- ASSIGNMENT: Please restate word for word the lines of the entries below from the one with "Šaty se zapínáním" to the one with "ピアス 【SILVER925 /リング...", inclusive, and leave out every picture.
*** PROVIDED RECORDS Section Begins ***
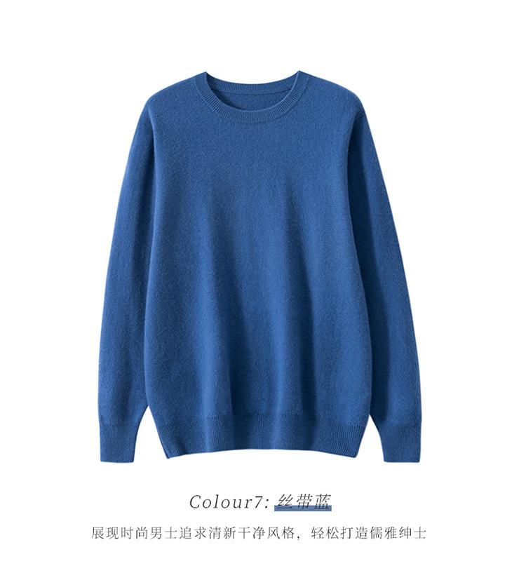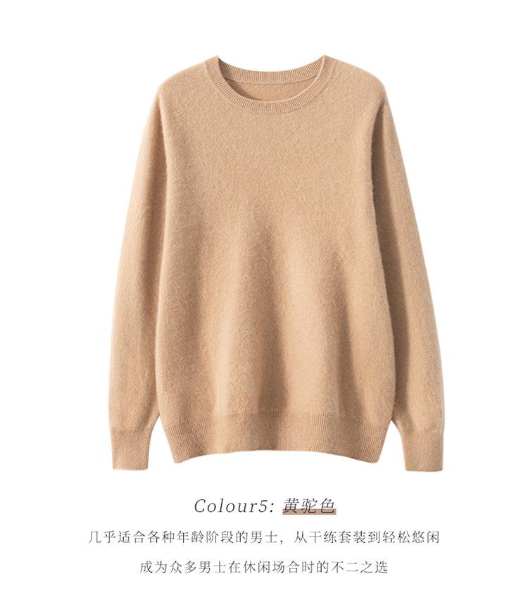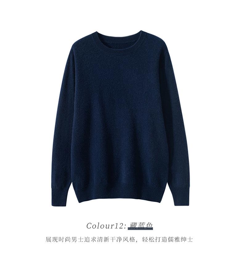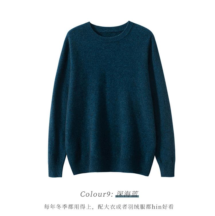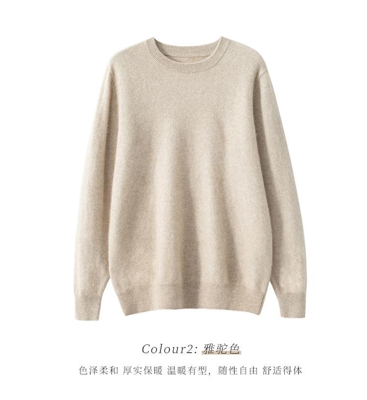 Nuevo Suéter de Cachemira para Hombre Otoño e Invierno 2024 Suéter de Cachemira Tejido de Cuello Redondo Holgado Casual para Fondo Talla Grande
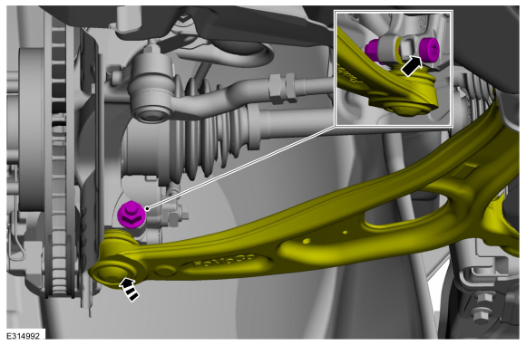 УВЕДОМЛЕНИЕ: Не используйте электроинструменты для снятия или установки гайка наружной части нижнего рычага. Повреждение шарового шарнира или уплотнения шарового шарнира может происходить.
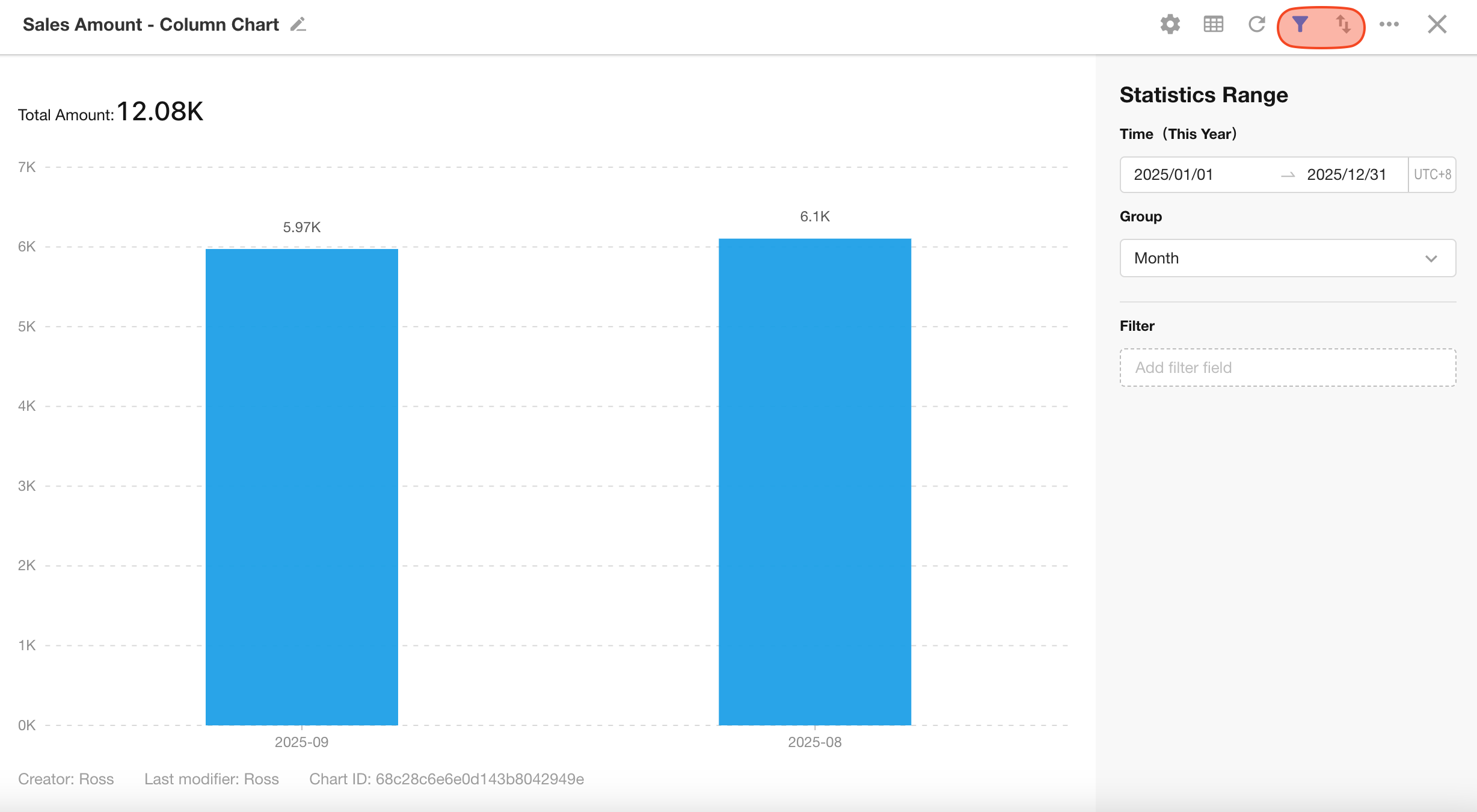 Users can apply additional filters based on the configured chart. The filtered data will not exceed the scope defined by the chart settings.
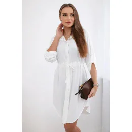 Šaty se zapínáním na knoflíky a zavazováním v pase ecru
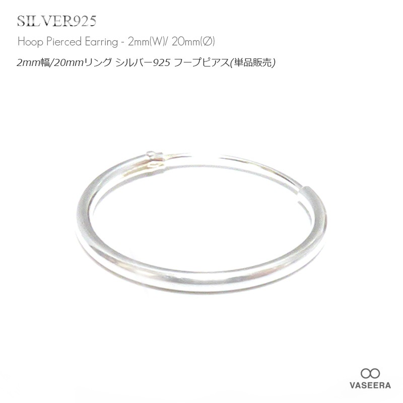 【単品販売(一個)】 2mm幅 20mmシンプル プレーン リング シルバー925 フープ ピアス 【SILVER925 /リング...
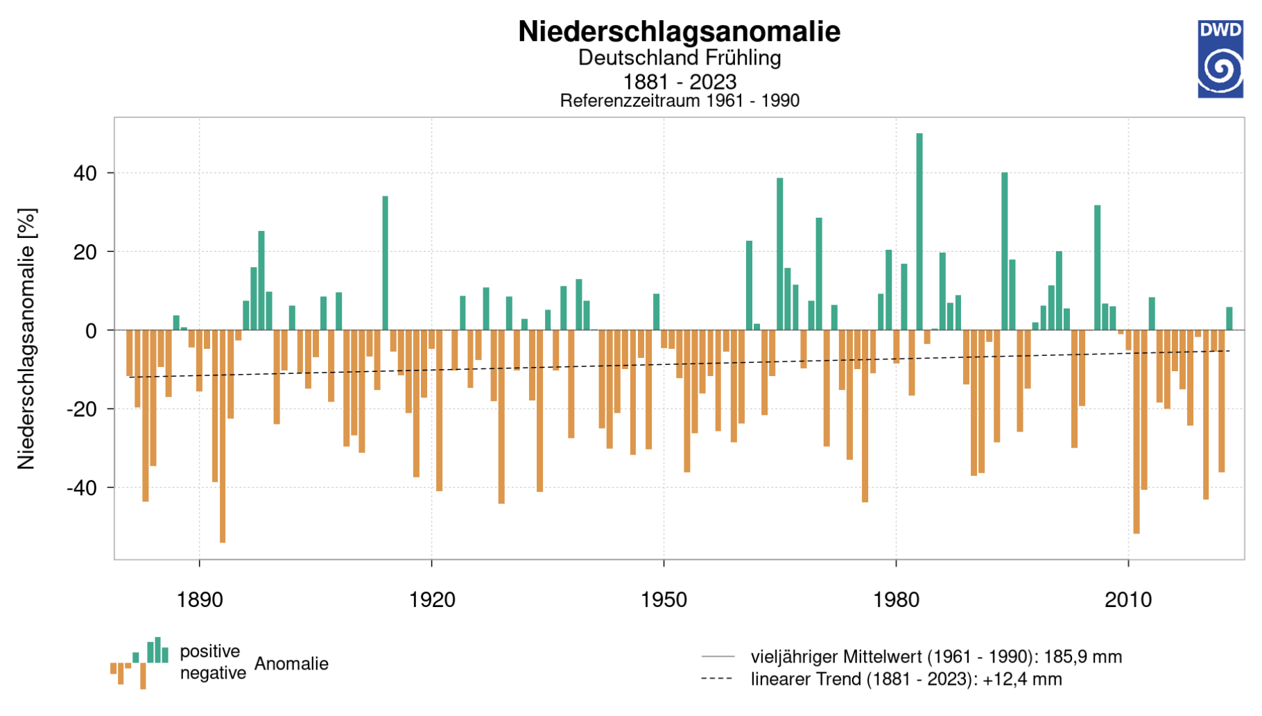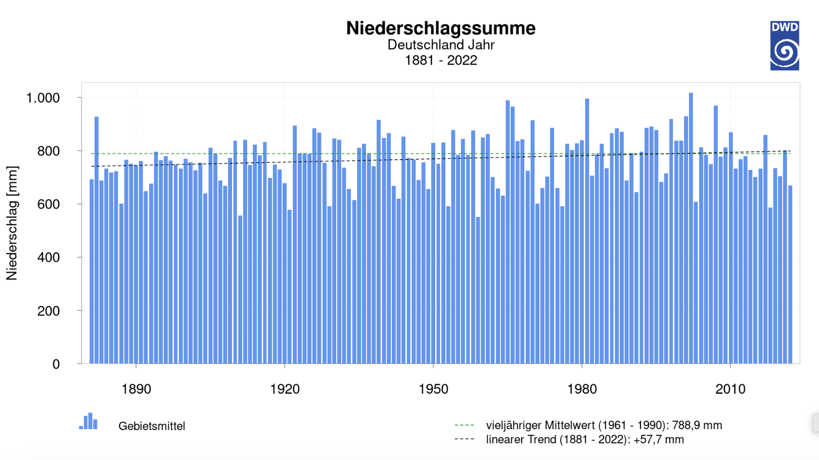 The extremely inconvenient rain continued through August, and slowly these paint-by-numbers articles after the manner of “X bad thing, Y bad thing, Z bad thing – why these bad things are bad” began, well, to dry up. What was worse, obnoxious internet people began to ask whether we were really in any kind of drought at all. They noted that the statistics compiled by the German Weather Service showed nothing but an increase in annual precipitation since the start of record-keeping in 1881:
*** PROVIDED RECORDS Section Ends ***
- YOUR RESPONSE:
 Šaty se zapínáním na knoflíky a zavazováním v pase ecru
 【単品販売(一個)】 2mm幅 20mmシンプル プレーン リング シルバー925 フープ ピアス 【SILVER925 /リング...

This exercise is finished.